We now started digging around if what we were thinking was possible or not and soon we stumbled upon a few queries which allowed us to modify the autovacuuming properties at a table level basis during the runtime itself. The queries that turned out to be at our help are the following:
The Results
With every thing done and implemented for the user, we were now waiting to see if our approach made some difference or not? And here are the results:
Results Before Implementing the AutoVacuuming tunings
Count Operation Relation Name
791 VACUUM public.qrtz_triggers
179 VACUUM ANALYZE public.sessions
129 VACUUM public.qrtz_fired_triggers
70 VACUUM ANALYZE public.qrtz_fired_triggers
40 VACUUM ANALYZE public.qrtz_triggers
Results After Implementing the AutoVacuuming tunings
Count Operation Relation Name
289 VACUUM public.qrtz_triggers
136 VACUUM ANALYZE public.sessions
129 VACUUM public.qrtz_fired_triggers
70 VACUUM ANALYZE public.qrtz_fired_triggers
And these results provided us with a fair enough amount of reassurance that the tunings indeed were working as expected. Also, as a side-effect of this, the workloads that depended upon these tables also saw some performance gain and became more responsive.

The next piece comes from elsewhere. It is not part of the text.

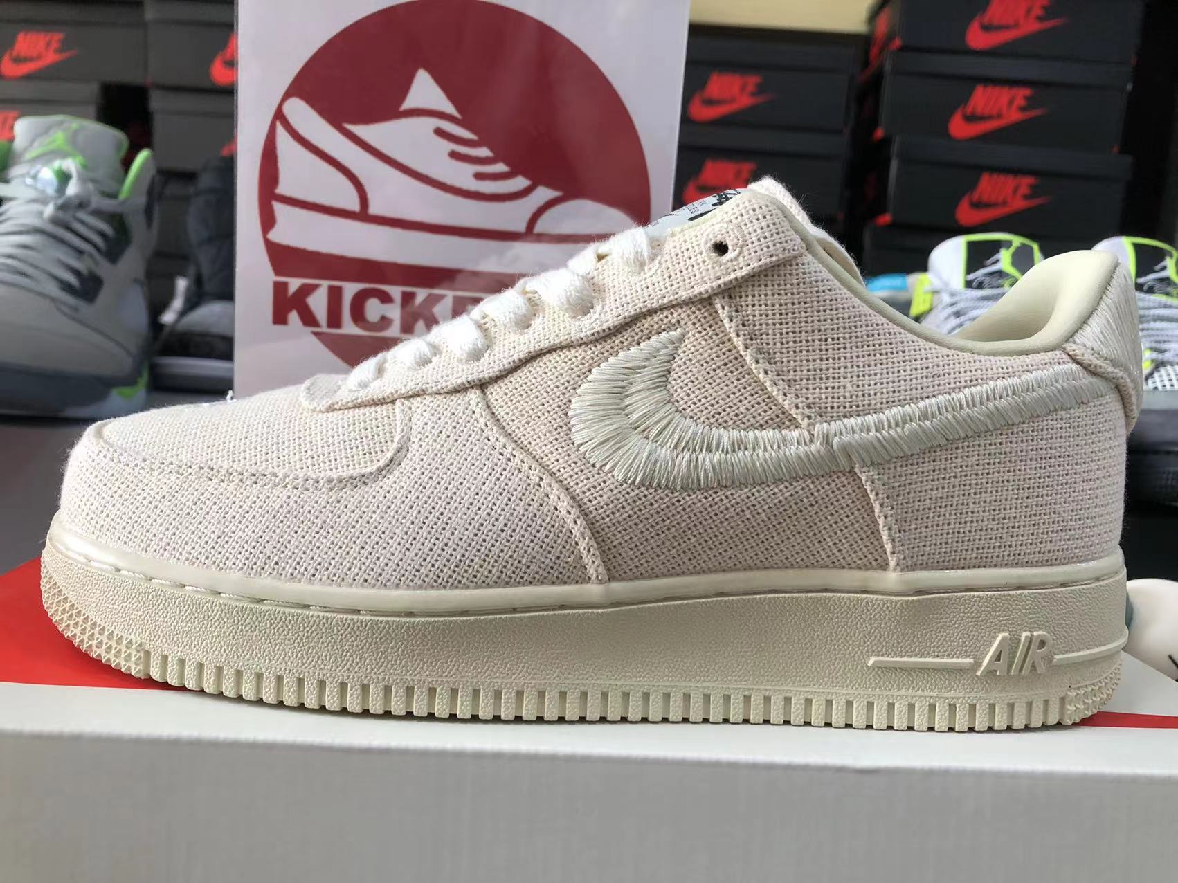stussy x nike air force 1 low fossil stone

Overall this was a win with a significantly lower cost in comparison to going for the approach involving code changes which would have not only taken a large amount of effort but would have also turned out to be slow to ship to the user.

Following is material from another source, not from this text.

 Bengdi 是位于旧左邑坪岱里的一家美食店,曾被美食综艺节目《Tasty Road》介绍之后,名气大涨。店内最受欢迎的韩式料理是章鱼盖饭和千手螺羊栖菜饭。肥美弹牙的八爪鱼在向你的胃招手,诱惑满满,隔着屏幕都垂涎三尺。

So, this was how we tuned up the PostgreSQL Autovacuum to provide our application with an increased performance and responsiveness.
Got any kind of questions or suggestions that worked out for you while trying to improve the performance of your database dependent application, write out in the comments 😀
Also published on Medium.
This is a counterproductive advice. Tables with high update rate should be tuned to have *lower* autovacuum thresholds, so that it happens more often and completes faster. What you’ve been bitten by is probably autovacuum_cost_limit which is too low (200) , it makes autovacuum to do very little work and then pause. Bump it to 2000 or more so that it churns through data quickly
Hey Maxim,
I do agree upon having a lower threshold for the more frequently updated tables but in our case the long and continuous autovacuum runs(20 minutes+) on the same set of relations turned out to be an issue for our application which saw a significant downgrade in performance so much so that it came to a near halt.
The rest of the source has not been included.